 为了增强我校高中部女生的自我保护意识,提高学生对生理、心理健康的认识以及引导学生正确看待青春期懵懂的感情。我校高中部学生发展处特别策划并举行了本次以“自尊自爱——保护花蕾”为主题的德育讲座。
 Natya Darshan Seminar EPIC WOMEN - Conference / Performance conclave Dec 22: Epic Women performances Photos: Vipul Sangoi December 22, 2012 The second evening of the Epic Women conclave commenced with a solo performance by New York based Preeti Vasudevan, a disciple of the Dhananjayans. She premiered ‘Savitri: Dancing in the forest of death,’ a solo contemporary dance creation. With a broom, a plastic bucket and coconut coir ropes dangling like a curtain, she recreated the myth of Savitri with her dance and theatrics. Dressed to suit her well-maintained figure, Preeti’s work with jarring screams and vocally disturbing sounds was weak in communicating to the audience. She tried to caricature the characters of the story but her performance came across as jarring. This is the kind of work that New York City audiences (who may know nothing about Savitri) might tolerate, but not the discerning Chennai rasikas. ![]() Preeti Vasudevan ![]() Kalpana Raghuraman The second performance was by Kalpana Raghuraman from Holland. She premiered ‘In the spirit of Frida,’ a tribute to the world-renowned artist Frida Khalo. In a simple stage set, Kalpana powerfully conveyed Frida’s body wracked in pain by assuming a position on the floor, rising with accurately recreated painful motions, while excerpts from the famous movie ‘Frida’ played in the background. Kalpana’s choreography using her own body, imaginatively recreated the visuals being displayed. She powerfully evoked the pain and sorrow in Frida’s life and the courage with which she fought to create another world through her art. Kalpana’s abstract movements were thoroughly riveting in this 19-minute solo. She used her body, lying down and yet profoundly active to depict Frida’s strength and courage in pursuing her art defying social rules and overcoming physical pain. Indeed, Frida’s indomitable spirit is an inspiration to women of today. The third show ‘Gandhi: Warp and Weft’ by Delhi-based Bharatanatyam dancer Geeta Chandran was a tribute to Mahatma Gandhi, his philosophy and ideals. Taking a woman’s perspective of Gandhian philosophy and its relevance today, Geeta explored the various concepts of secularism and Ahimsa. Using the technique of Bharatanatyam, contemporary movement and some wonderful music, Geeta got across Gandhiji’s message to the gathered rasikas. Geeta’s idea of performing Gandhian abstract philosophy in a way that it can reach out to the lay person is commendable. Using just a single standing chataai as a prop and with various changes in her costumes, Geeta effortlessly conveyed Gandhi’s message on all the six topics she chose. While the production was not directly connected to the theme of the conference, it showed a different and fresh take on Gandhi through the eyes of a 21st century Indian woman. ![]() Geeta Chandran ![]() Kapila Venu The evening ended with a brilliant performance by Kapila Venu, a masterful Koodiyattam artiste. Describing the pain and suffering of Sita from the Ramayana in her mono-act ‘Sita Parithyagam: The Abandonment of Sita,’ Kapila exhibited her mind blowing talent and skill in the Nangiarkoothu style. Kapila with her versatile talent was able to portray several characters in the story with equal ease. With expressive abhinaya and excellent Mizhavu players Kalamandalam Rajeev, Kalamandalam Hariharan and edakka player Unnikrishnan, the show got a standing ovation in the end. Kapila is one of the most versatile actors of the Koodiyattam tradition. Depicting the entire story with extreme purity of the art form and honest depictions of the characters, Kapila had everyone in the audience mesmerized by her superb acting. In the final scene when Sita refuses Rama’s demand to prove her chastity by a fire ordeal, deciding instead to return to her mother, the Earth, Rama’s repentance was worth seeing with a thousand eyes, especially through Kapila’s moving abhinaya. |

::::::::::

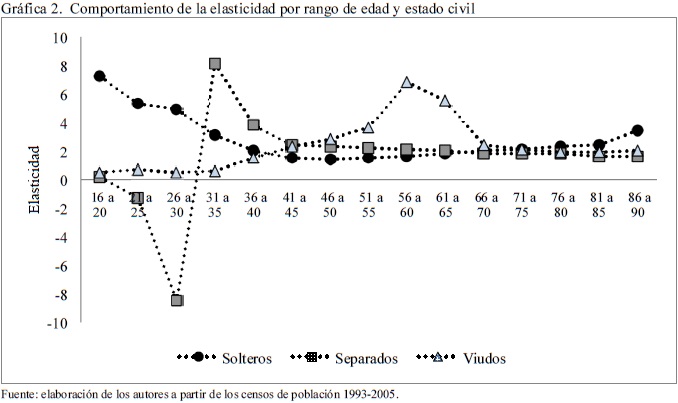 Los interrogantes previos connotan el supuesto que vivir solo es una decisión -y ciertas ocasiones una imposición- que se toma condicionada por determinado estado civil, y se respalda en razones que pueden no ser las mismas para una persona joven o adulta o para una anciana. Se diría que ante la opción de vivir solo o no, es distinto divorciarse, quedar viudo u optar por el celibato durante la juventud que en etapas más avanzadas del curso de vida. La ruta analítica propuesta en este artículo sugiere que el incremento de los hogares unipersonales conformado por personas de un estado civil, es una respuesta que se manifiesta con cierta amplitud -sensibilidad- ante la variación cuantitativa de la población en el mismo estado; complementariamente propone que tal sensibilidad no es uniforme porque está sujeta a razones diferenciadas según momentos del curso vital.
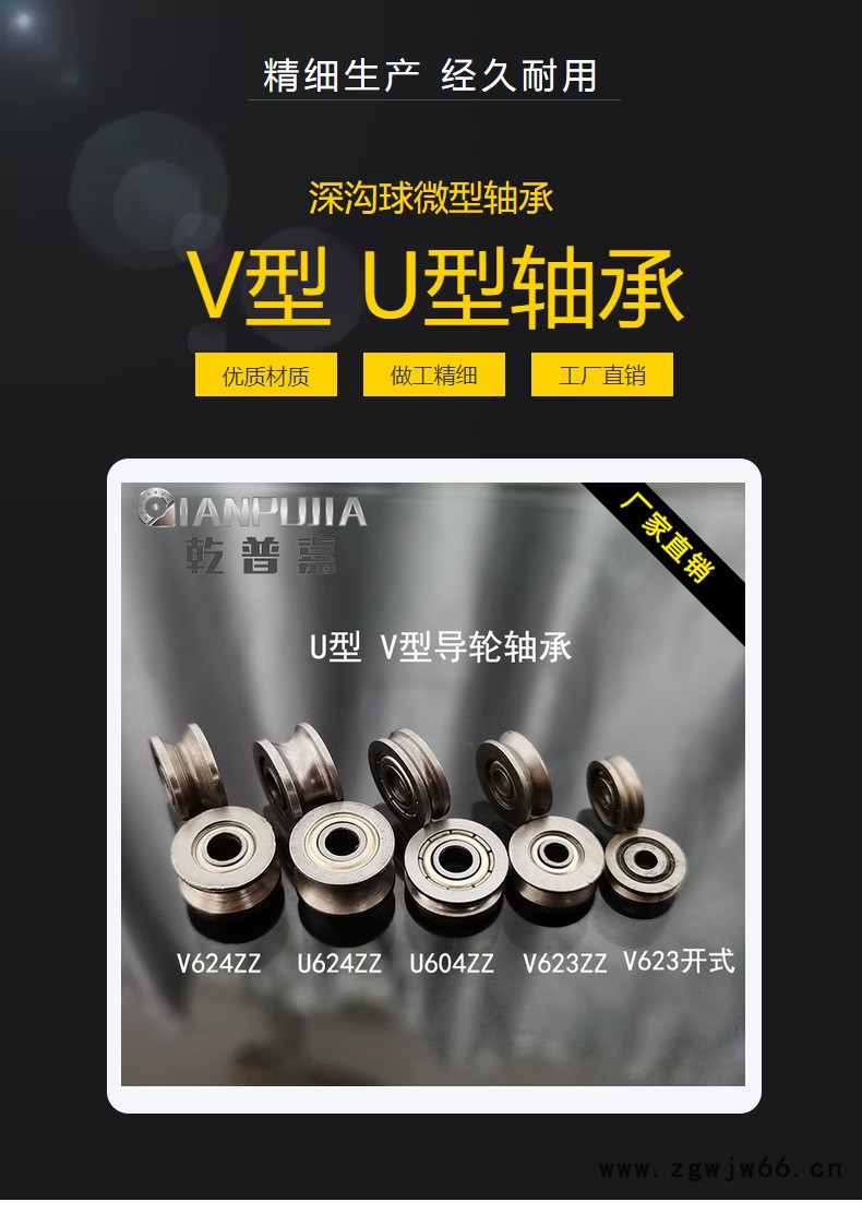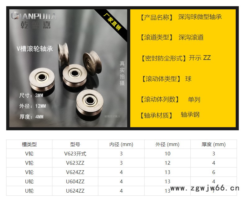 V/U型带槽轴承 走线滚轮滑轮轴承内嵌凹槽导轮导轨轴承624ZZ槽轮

::::::::::

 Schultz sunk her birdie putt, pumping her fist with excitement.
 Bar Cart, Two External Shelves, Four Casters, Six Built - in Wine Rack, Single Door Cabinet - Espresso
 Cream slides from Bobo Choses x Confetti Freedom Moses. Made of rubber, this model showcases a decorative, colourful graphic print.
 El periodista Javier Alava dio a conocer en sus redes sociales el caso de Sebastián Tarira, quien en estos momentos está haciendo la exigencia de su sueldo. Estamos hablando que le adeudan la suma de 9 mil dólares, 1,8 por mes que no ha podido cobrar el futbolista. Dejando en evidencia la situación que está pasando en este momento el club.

::::::::::

▸ What this task involves: Using the records above, restate word for word the lines from the one with "Schultz sunk her" through the one with "El periodista Javier", both included.

▸ Answer section:
 Schultz sunk her birdie putt, pumping her fist with excitement.
 Bar Cart, Two External Shelves, Four Casters, Six Built - in Wine Rack, Single Door Cabinet - Espresso
 Cream slides from Bobo Choses x Confetti Freedom Moses. Made of rubber, this model showcases a decorative, colourful graphic print.
 El periodista Javier Alava dio a conocer en sus redes sociales el caso de Sebastián Tarira, quien en estos momentos está haciendo la exigencia de su sueldo. Estamos hablando que le adeudan la suma de 9 mil dólares, 1,8 por mes que no ha podido cobrar el futbolista. Dejando en evidencia la situación que está pasando en este momento el club.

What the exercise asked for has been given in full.